11 April 2011

Lights, Camera, Action!

Filmmakers are always seeking evocative locations for their movies, so it should come as little surprise that a handful of iconic houses have found their way onto the silver screen as integral plot devices. My favorites to add to any design groupie's Netflix queue?

The Hunting Lodge, decorator John Fower's famous country house near Odiham, Hampshire; for decades now it has been the week-end residence of British interior designer Nicky Haslam.

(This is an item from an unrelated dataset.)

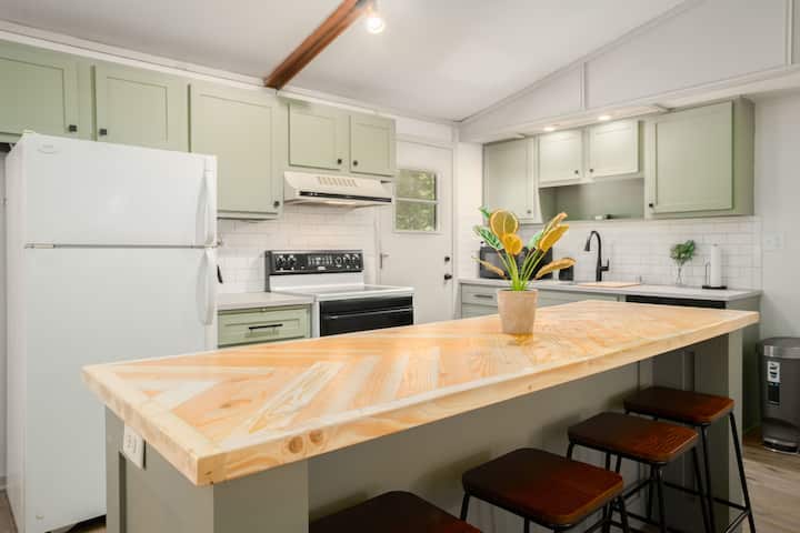 Open great room for gatherings around the kitchen island. Firepit, cafe lights & spacious patio out back. Kids will love the bunk room, bonus room with projector & foosball table, basketball game, corn hole & exploring the woods.

John Fowler's renowned Hunting Lodge, a Tudor-era folly given a fanciful brickwork façade around 1720, served as Vanessa Redgrave's residence in the 1968 Tony Richardson movie "The Charge of the Light Brigade." Fowler smartly used the location fee to build a garden pavilion on the grounds of the house.

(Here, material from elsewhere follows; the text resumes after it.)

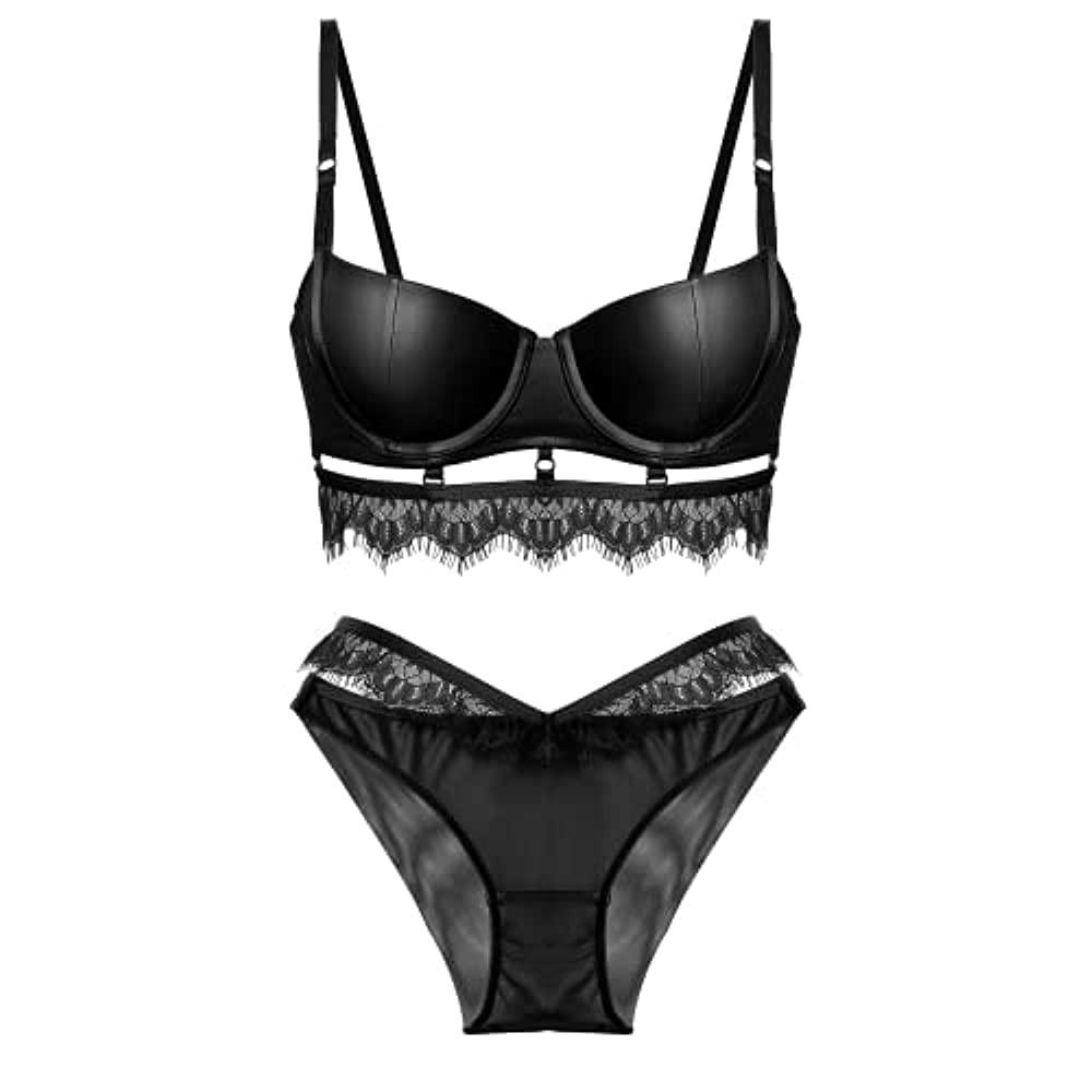 • Style - Push up bra add 1 cup sizes, Panties and bra sets for women sexy, Blackleather bra panty set, Sexy balconette bra set.

A bedroom at Château de Groussay, longtime country house of Charles de Beistegui.

Château de Groussay, the widely admired country house of silver-mining heir Charles de Beistegui, was used as the primary set for director Marc Allégret's 1970 movie "Le bal du Comte d'Orgel." Yes, the movie is in French, but if you don't understand the dialogue, there is enough of Groussay on display, indoors and out, to make this romantic drama about aristocratic adultery in the 1920s (based on the posthumous 1924 novel by Raymond Radiguet) a cinema-library must-have.


Members of the cast of "Le bal du Comte d'Orgel" (1970) in Groussay's Salon Hollandaise.

3 comments:

laughingsalmon said...

The Hunting Lodge is one of my favy houses...I'd love to reproduce it as a house in miniature...It looks so like a lovely doll's house...

Colette said...

love! recently dozed through CoftheL movie which was broadcast on TCM i think...to catch the glimpses of the Hunting Lodge. Now longing to see the other. x Colette

Nick Heywood said...

Great selection -- if I were to make this list I would have to add A Wedding by Robert Altman, which displays the masterful Armour House by David Adler. Sadly, the estate was broken shortly after filming ended, so it stands as a record of something lost, as well as being a very finely made film.

Very different from your favorites, but similar in that the house is an active character.